Elsewhere in this world, however, there’s the circle with no trust, and that line goes right through Lance Hornsby. Honestly, for all that he’s in a position that relies on the work and goodwill of others keeping him there, Lance Hornsby is not a man who trusts people. Which is probably why he’s kept this position as long he has, really. He makes a good show of it–the man has a silver tongue, seemingly endless resources (especially in an apocalypse), and a sharp sense of what people need and want. He’s no idiot, and while he certainly understands people, but he doesn’t trust them. He manipulates them, predicts them, even controls them, but that’s as far as it goes. But there are some people who just don’t want what you’re selling or who can tell it’s a load of crap, and that’s why Maggie is such a problem for him. She saw through his bullshit from the start, and she’s never going to trust him. So, naturally, he can’t trust her either, it’s a vicious cycle, etc.
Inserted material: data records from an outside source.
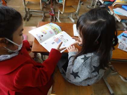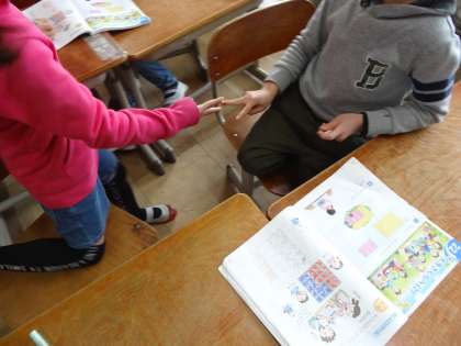 次に友だちとじゃんけんをして,1マス塗っていき,どちらが多く陣地を取れるかのゲームをしました。見て分かる大きさの違いを実感できました。
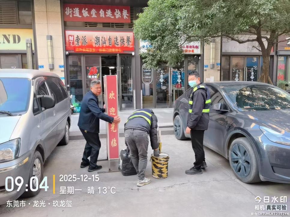 龙光玖龙玺小区东门的那条路,九月奇迹对面的(寻微花艺),酷车吧对面的(铭丰泰)(潮汕快餐)占地为私家车位。
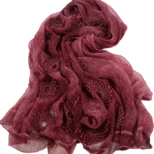 桑蚕丝刺绣丝巾女冬季长款纯色酒红褶皱真丝围巾秋季新款百搭2016
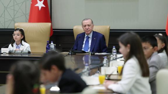 Başkan Recep Tayyip Erdoğan, 23 Nisan Ulusal Egemenlik ve Çocuk Bayramı dolayısıyla Cumhurbaşkanlığı Külliyesi'nde Milli Eğitim Bakanı Yusuf Tekin ve beraberindeki çocukları kabul etti.
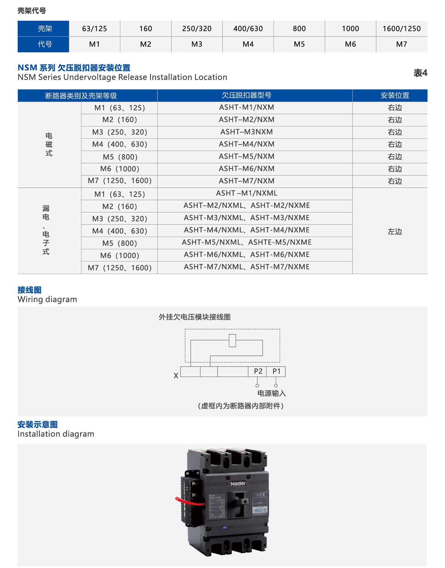 AQT/M3、AMX/CDM3、ASHT/NXM、AMX/TGM1N型系列欠压脱扣器适配于CM3、CDM3、NXM、TGM1N系列塑壳式断路器,用做配电线路的欠压保护。产品符合标准GB/T14048.2和IEC60947-2的有关要求。
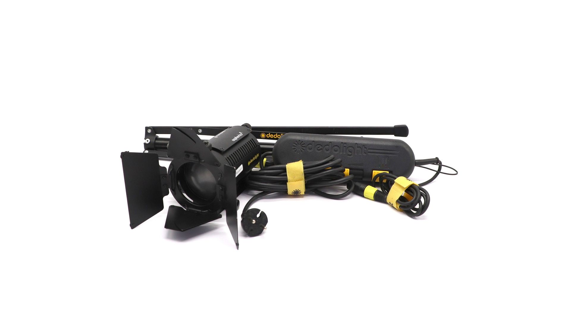 – Отличительные особенности: профессиональный модульный осветитель для кино‑ и фотосъёмки. Отличается точной регулировкой светового потока, высокой цветопередачей и совместимостью с широкой линейкой светоформирующих насадок Dedolight.
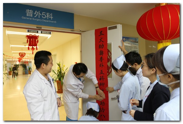 “金鸡高歌兰大二院健康梦绘就六个一流、玉犬劲舞普外5科柳叶刀助力八大工程”。普外5科全体医护人员给全院职工拜年啦!
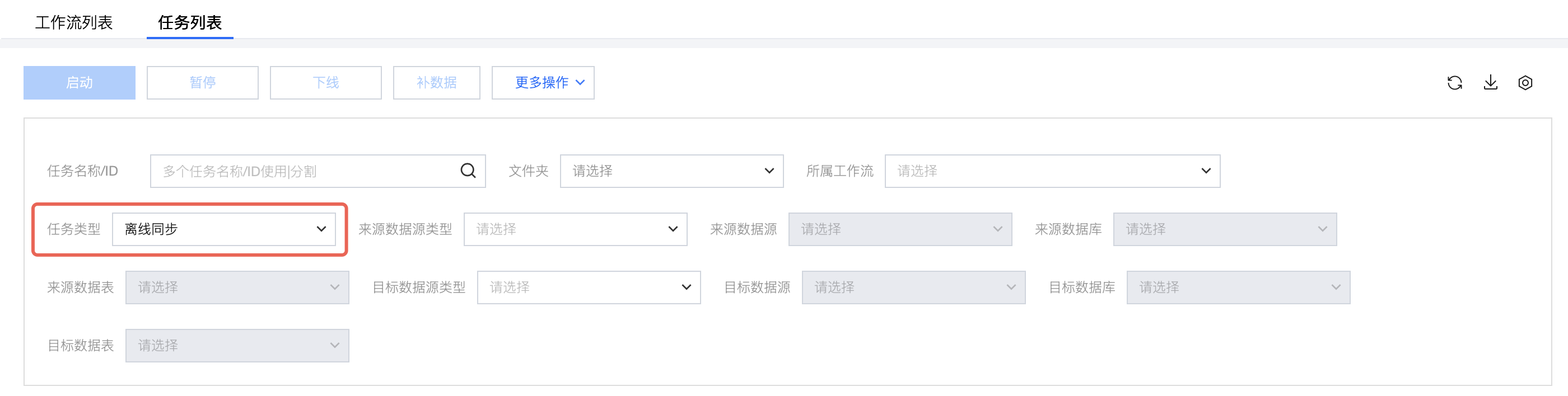 单击任务列表进入列表页面,任务类型选中离线同步,即可查看在编排空间提交的离线同步任务。

Especially as it’s clear her friends will never betray her, either. Even Daryl, now a trained Commonwealth trooper, doesn’t hesitate to back Maggie and not Hornsby in that tense, guns-drawn moment. Daryl works to make sure everyone gets out of there unhurt on both sides, sure, but his real allegiance is clear, as are Aaron and Gabriel’s.
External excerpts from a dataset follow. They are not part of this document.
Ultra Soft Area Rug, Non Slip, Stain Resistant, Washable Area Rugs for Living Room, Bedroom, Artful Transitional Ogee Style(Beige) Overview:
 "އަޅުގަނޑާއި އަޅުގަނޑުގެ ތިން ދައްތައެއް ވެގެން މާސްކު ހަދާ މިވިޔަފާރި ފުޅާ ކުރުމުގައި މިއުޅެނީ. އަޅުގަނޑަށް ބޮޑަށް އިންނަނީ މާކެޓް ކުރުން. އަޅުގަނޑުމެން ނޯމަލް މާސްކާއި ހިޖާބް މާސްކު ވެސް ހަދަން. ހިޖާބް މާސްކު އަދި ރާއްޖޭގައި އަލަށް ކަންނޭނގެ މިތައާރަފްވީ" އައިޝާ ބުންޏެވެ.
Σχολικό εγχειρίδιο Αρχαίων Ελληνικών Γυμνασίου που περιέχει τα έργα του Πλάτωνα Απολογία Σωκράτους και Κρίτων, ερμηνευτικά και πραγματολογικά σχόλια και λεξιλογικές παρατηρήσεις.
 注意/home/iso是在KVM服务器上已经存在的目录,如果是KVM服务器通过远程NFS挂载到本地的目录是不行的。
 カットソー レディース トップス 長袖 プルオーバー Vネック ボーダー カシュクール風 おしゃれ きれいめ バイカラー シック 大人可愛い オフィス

Killing them all would certainly be easier for Hornsby, but that’s not his style. I do wonder what would make him get fed up and go in on that, but there’s still oversight from the Miltons he has to worry about, plus he’d rather make sure things go down on his terms, I think. And that’s why he’s offering Leah a job. There’s no doubt in my mind, even before having seen the trailers for next week, that he’s going to hire her to kill Maggie. A job that Leah, of course, will no doubt be happy to take after what happened in Meridian. Maggie’s rage in that moment is going to come back to bite her in the ass much as it did for Negan. Here’s hoping she’s the victor here, unlike what happened for Negan, however. Or is it Hornsby who’s going to find out he’s taken on too much of a wild card with Leah? I imagine she’s very revenge motivated–maybe she had a plan for Hilltop with her stolen guns already–and she did belong to a group of fanatics.